== What is required ==
In the material below, find the span from the line with "Салат аккуратно перемешать." to the line with "Peluche Lionel el" and transcribe only those lines, exactly, ends included, without the pictures.

------ Records

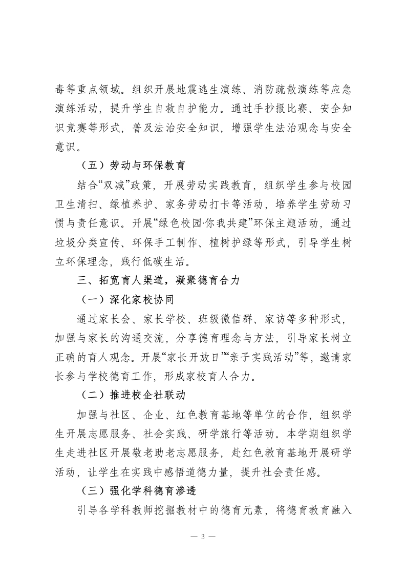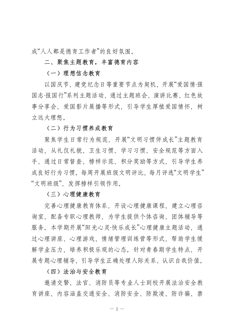 2025秋季第一学期德育工作总结本学期,我校德育工作紧紧围绕“立德树人”根本任务,以培育和践行社会主义核心价值观为核心,结合“双减”政策要求与学生身心发展特点,构建“全员、全程、全方位”育人体系,在上级教育部门指导、全体师生共同努力及家长支持配合下,各项工作扎实推进、成效显著。现将本学期德育工作情况总结如下:一、健全德育机制,筑牢育人根基(一)完善组织架构成立以校长为组长、分管副校长为副组长、德育处成员、班主任及学科教师为核心的德育工作领导小组,明确各级岗位职责,形成“校长统筹、德育处牵头、班主任为主力、学科教师协同、家长社会参与”的德育工作格局,确保德育工作有序开展。(二)细化德育计划结合学校发展规划与学生实际,制定《本学期德育工作计划》,明确本学期德育目标、重点任务、实施路径及评价标准。各班级、各教研组围绕学校整体计划,制定个性化德育实施方案,将德育要求融入日常教学与管理全过程。(三)强化制度保障修订完善《学生日常行为规范管理细则》《班级量化考核办法》《班主任工作评价方案》等制度,将德育工作成效与班级评优、教师绩效考核挂钩,激励教师主动参与德育工作,形1
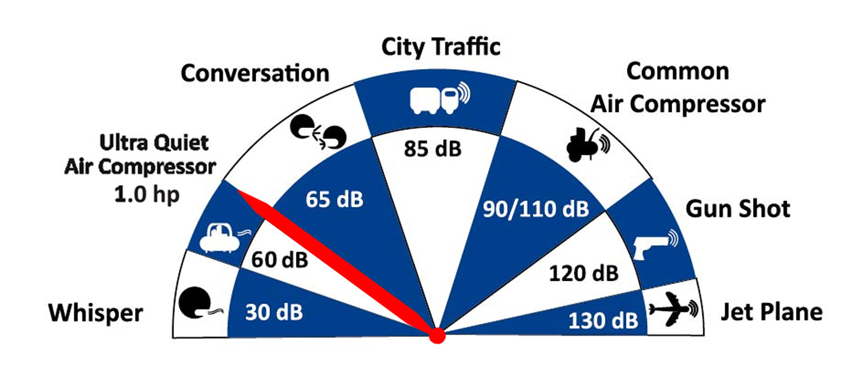 The CALIFORNIA AIR TOOLS 2010ALFC Ultra Quiet air compressor is designed to be one of the quietest air compressors in the industry having only 60 decibels of sound.
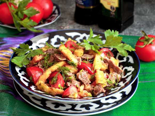 Салат аккуратно перемешать. Лучше это делать щипцами или при помощи двух вилок. Если мало соли, то на этом этапе её можно добавить. Дать салату полностью остыть, а затем хотя бы на час убрать в холодильник, чтоб он настоялся.
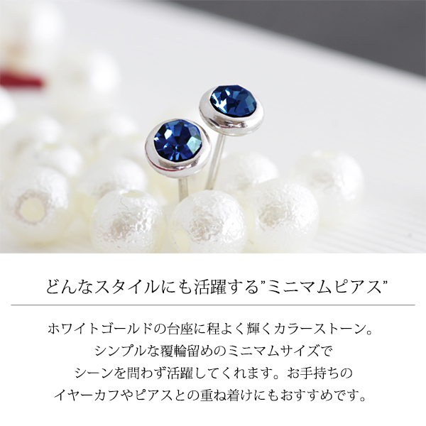 新品/ピアス/K18GP/サファイア/小さい/小さめ/シルバー/18金/ホワイトゴールド/レディース/両耳/シンプル/CZ/ダイヤ/カラー/青/WG
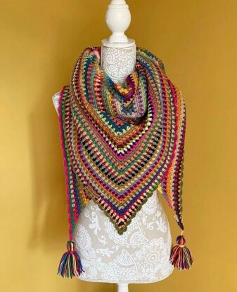 Crochet Boho & beautiful, this shawl is a statement piece that will grab attention. fabulous accessory to any outfit. Easy to make up, great pattern to follow simple guide to building your scrapcake UK/US terms. Great for any level crocheter.
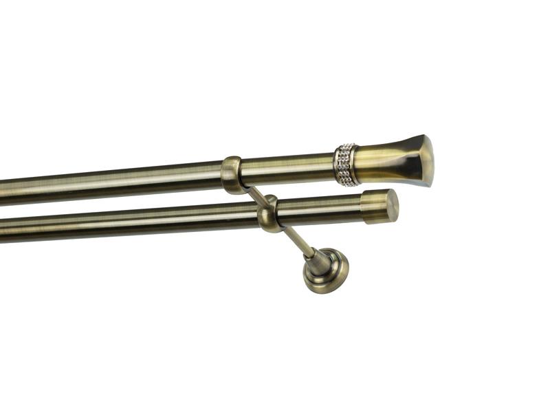 Dvojradová garniža s povrchovou úpravou - odtieň antik (matné zlato). Celokovové garniže s kvalitnou povrchovou úpravou - galvanické pokovovanie. Galvanické pokovovanie zabezpečuje vyššiu povrchovú tvrdosť, zvýšenú dolnosť voči poškriabaniu, hladký povrch. Dodávané sú v kompletoch.
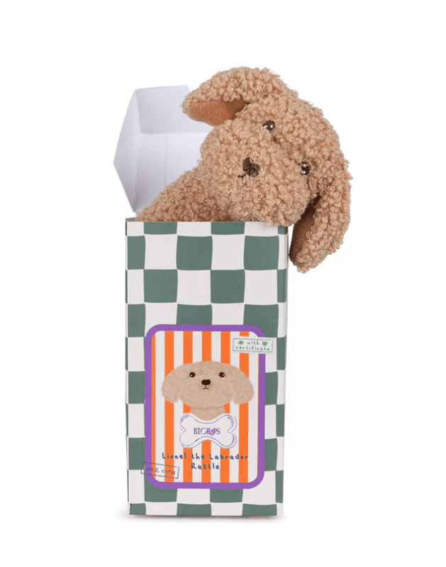 Peluche Lionel el Labrador sonajero en caja de regalo beige
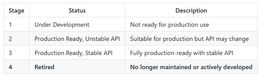 A library reaches Stage 4 (Retired) when the proposal is rejected, superseded, or—notably—integrated into the standard.
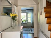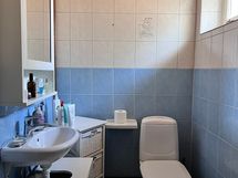 - Pesutilojen varusteet: Suihku, wc-istuin, pesuallas ja allaskaappi. Pesutilojen kuvaus: Yläkerrassa on suihku/wc.
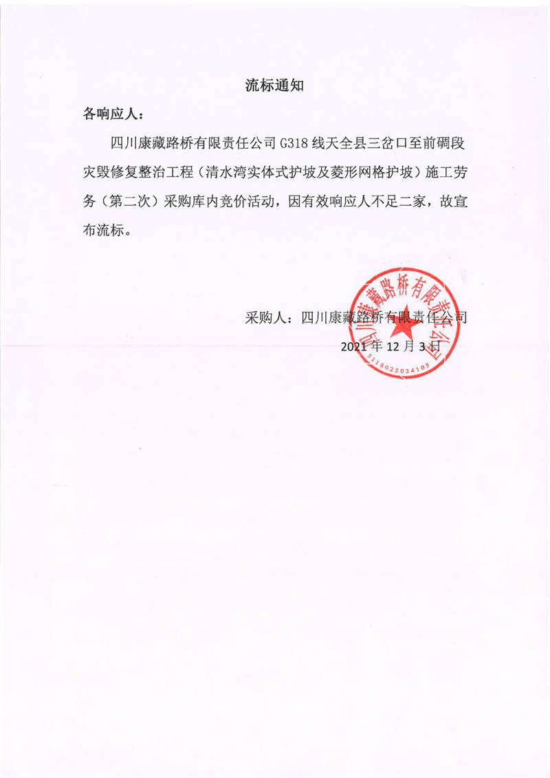 四川康藏路橋有限責(zé)任公司G318線天全縣三岔口至前碉段災(zāi)毀修復(fù)整治工程(清水灣實體式護坡及菱形網(wǎng)格護坡)施工勞務(wù)(第二次)采購流標通知
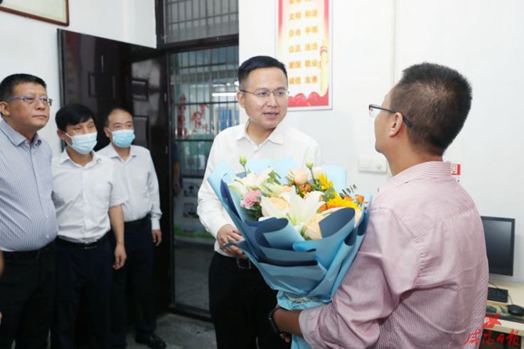 在第三十八个教师节来临之际,9月8日,咸阳市委副书记、市长冷劲松来世俱杯看望慰问附属中学优秀教师代表陈俊,并向全校广大教师致以节日问候,对他们长期以来为咸阳教育事业的辛勤付出表示衷心感谢。校党委书记赵万东、副校长吕广利陪同慰问。
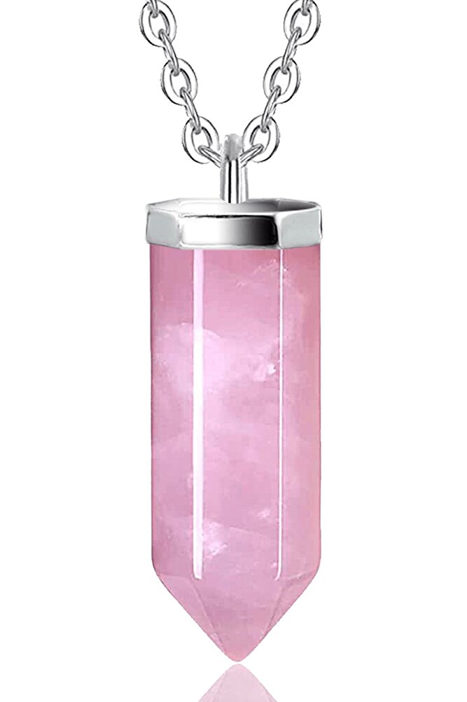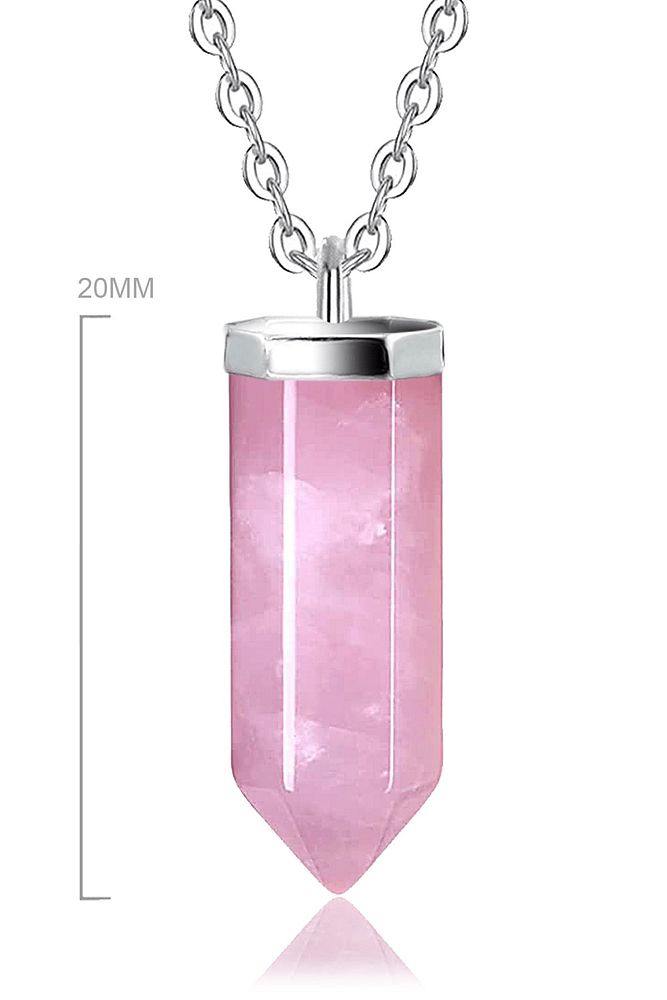 Sertifikalı Yüksek Kalite Doğal Pembe Gül Kuvars Taşı Kolye
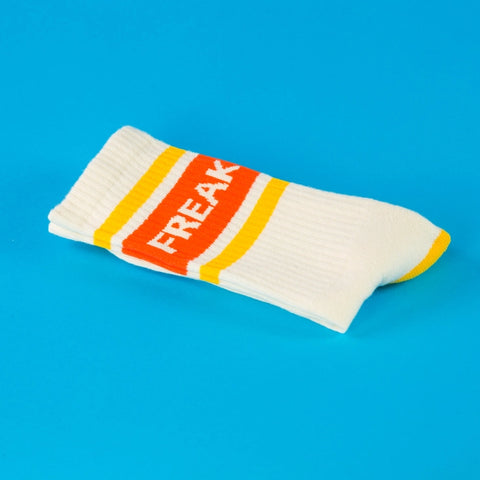 Sometimes all it takes is a single word to let the world know what's up. These socks are for all the FREAKS out there. For when your freak flag is too cumbersome, opt for freak socks.
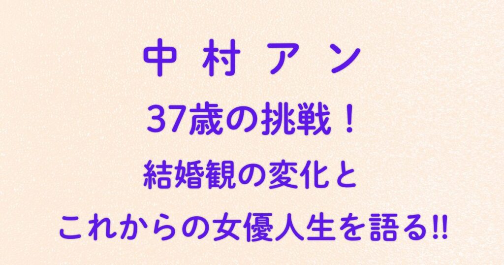 中村アン37歳の挑戦!結婚観の変化とこれからの女優人生を語る!!
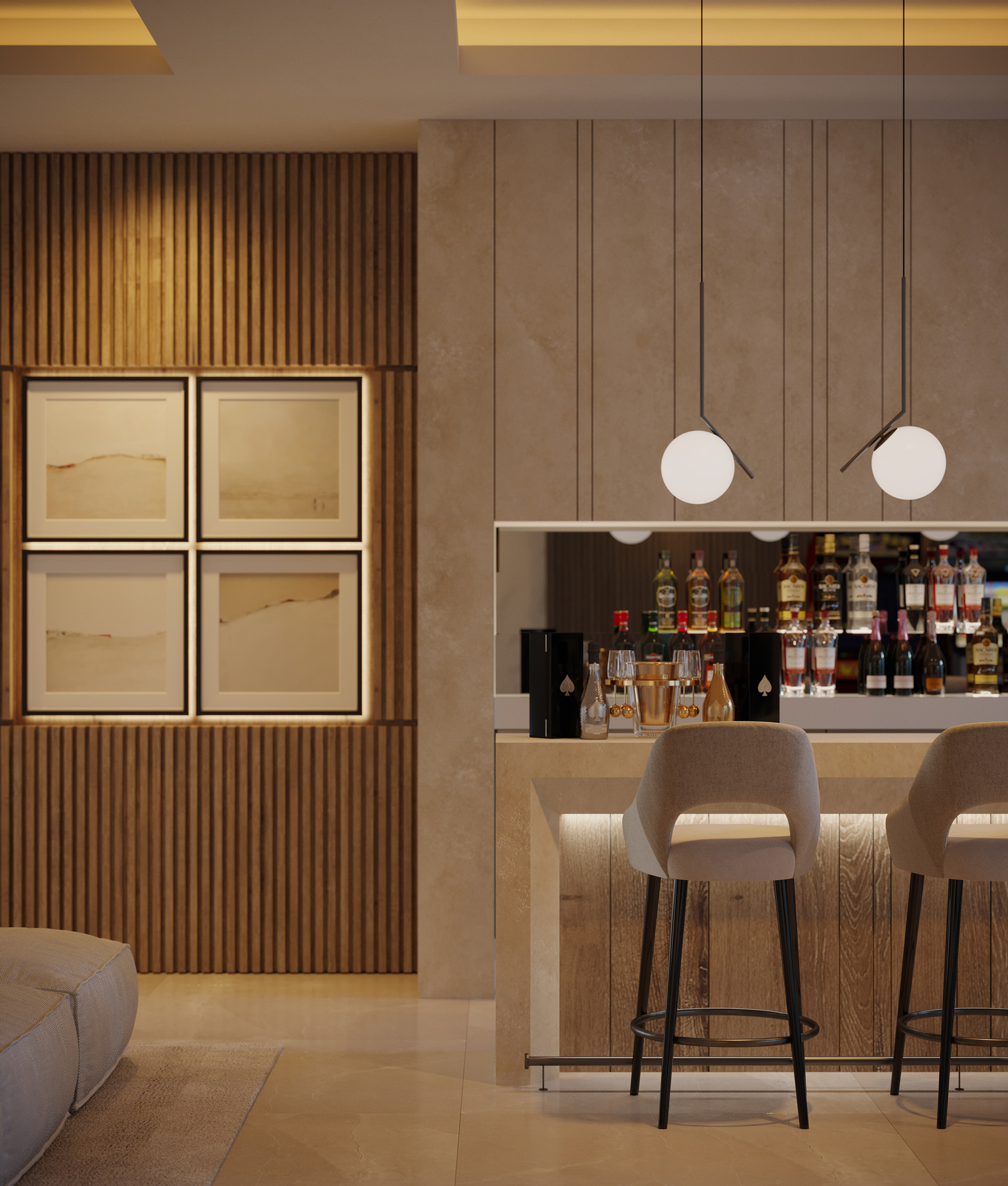 Through careful space planning, lighting design, acoustic strategy and refined material selection, we create entertainment spaces that are both immersive and architecturally cohesive.

------------

== Result for this exercise ==
 Салат аккуратно перемешать. Лучше это делать щипцами или при помощи двух вилок. Если мало соли, то на этом этапе её можно добавить. Дать салату полностью остыть, а затем хотя бы на час убрать в холодильник, чтоб он настоялся.
 新品/ピアス/K18GP/サファイア/小さい/小さめ/シルバー/18金/ホワイトゴールド/レディース/両耳/シンプル/CZ/ダイヤ/カラー/青/WG
 Crochet Boho & beautiful, this shawl is a statement piece that will grab attention. fabulous accessory to any outfit. Easy to make up, great pattern to follow simple guide to building your scrapcake UK/US terms. Great for any level crocheter.
 Dvojradová garniža s povrchovou úpravou - odtieň antik (matné zlato). Celokovové garniže s kvalitnou povrchovou úpravou - galvanické pokovovanie. Galvanické pokovovanie zabezpečuje vyššiu povrchovú tvrdosť, zvýšenú dolnosť voči poškriabaniu, hladký povrch. Dodávané sú v kompletoch.
 Peluche Lionel el Labrador sonajero en caja de regalo beige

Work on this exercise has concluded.